Georgeville is unique in southern Quebec because its inhabitants never see much of the French-speaking Canadians, who surround them on every side. Georgeville looks much like a Vermont village because its original settlers came from New England, bringing with them their traditions of conservatism, content with slow and steady progress, and scorn for over-indulgence. Their descendents generally have upheld these affections, leaning not toward Vermont, a scant ten or so miles across rocky, easy, moulded hills, but toward English-speaking Canada. In architecture, the village has preserved the colonial tradition introduced by its founder, Moses Copp, in 1797; in attitude, Georgeville looks to the slowly maturing Victorian values of rural Ontario, strong in its desire to develop a "Canadian culture," or way of looking at things, sentimental in its regard for the Commonwealth and Queen.

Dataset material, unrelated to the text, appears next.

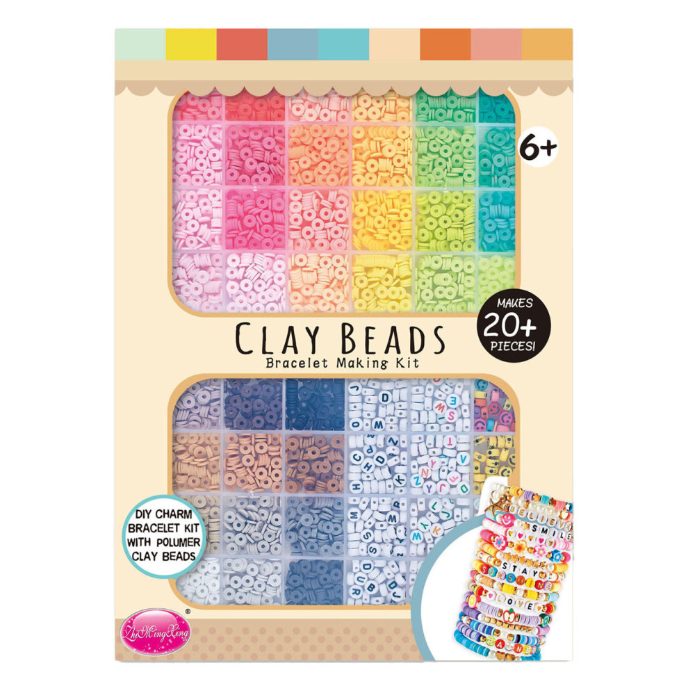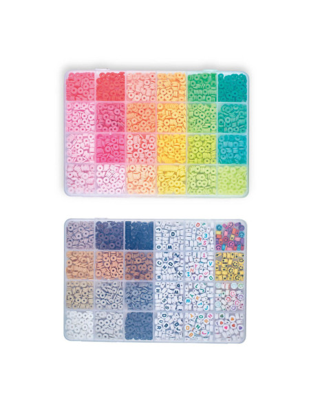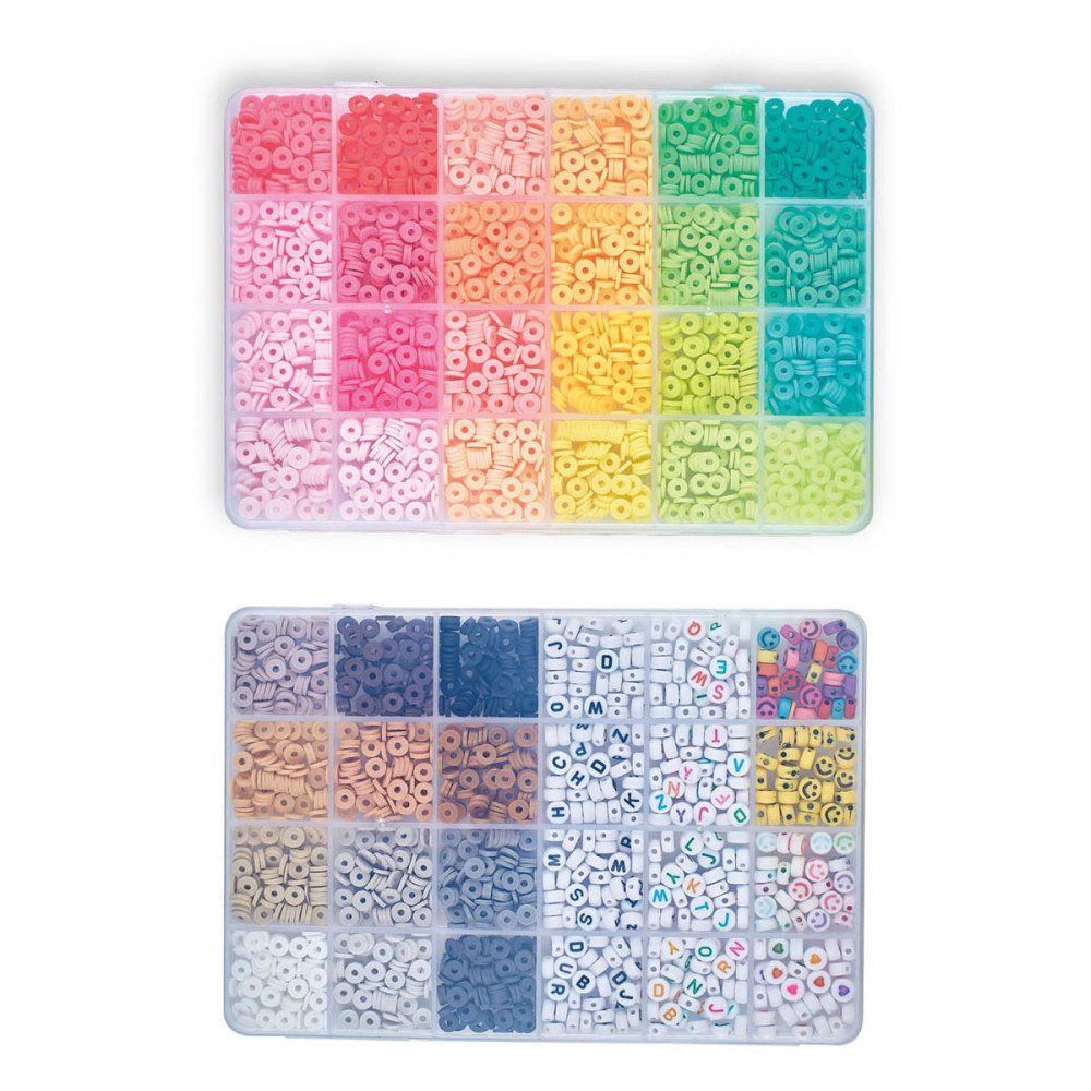 Set met 2 kunststof opbergers met daarin 48 verschillende soorten polymeerkralen. De kralen hebben verschillende multicolor/grijze tinten. Inclusief zwart/witte en gekleurde letterkralen, hartjeskralen en gezichtjeskralen. Afmetingen: 23,6 x 3,4 x 32,6 centimeter. Geschikt voor kinderen en volwassenen, vanaf 6 jaar.

Our house, "Dun's Law" (which betrays the family's Highlands origin), will be warm enough during Christmas, despite certain draughty cracks between the kitchen part (about 130 years old) and the living room part (about 75 years old). Like most of the village houses, it has had additions, interpolations and subtractions through the years, and like many of the dwellings, it once served as a boarding house itself. Oil furnaces have made the constant struggle to keep warm only a memory, though most housewives insist that their kitchens have at least a token woodstove for toast and rice-pudding making.
Neighbors around were faced with a serious crisis last summer when the village's major employer, a contractor who built summer homes and did repairs for city people both up and down the lake, decided to retire. He had employed seven or eight men, each with large families and homes to support. Some have found work by dividing up the business which the contractor once co-ordinated, and some have gone to Magog, ten miles to the north, to seek jobs at the textile mill there. One or two are uncertain of the future, and there has been some talk of moving away.
One of the men, who lives next door to "Dun's Law," has a remarkable family, headed by his wife, a gay, knowing, articulate lady who, through her radio and the books people bring her, keeps quite abreast of what's happening outside--in Montreal, New York and Cambridge. Though she has stopped writing for the Stanstead Journal, the county's weekly newspaper, she has completed a lyric poem and is blocking out in her mind a kindly and truthful book about the village, The Devil is in Us All! Considering the best-selling success of a recent, sensationalistic attempt by a young American marm, it would probably enjoy acclaim. When she isn't baking do-nuts or rolls for the rest of the village, she reads such writers as Dylan Thomas, Saroyan or Maugham, and is willing to take on all comers concerning their relative merits.
One of her favorite pastimes is verbal fencing with the village postmaster and storekeeper, a quick wit and warm-souled man who longs during baking July noons for crisp October dawns at the remote Lake St. John, where he makes his annual duck-hunting excursion. His work seems like play to most people because he has a good time with almost everyone, gently ribbing arrogant, hurried visitors, facetiously stalling intent and flashy wholesalers' "drummers." His laugh sounds more like a caw of a crow than anything else, and there's usually something--whether it's the Red Sox, the "Com'unists," or lazy college students--to caw about around the store.
Snugly sheltered by steep hills on three sides and the lake on the fourth, Georgeville looks to the future casually and without excitement. Much of the village youth seems to be leaving, jobs are scarce, and the rocky, wooded land is producing just about the same meagre wealth as it always has. The outlook seems now just about the same as it was in 1941, when some city folk bought "Dun's Law" for $1,100. They're not city folk, really, anymore, and prices have risen some, but all else seems just about the same.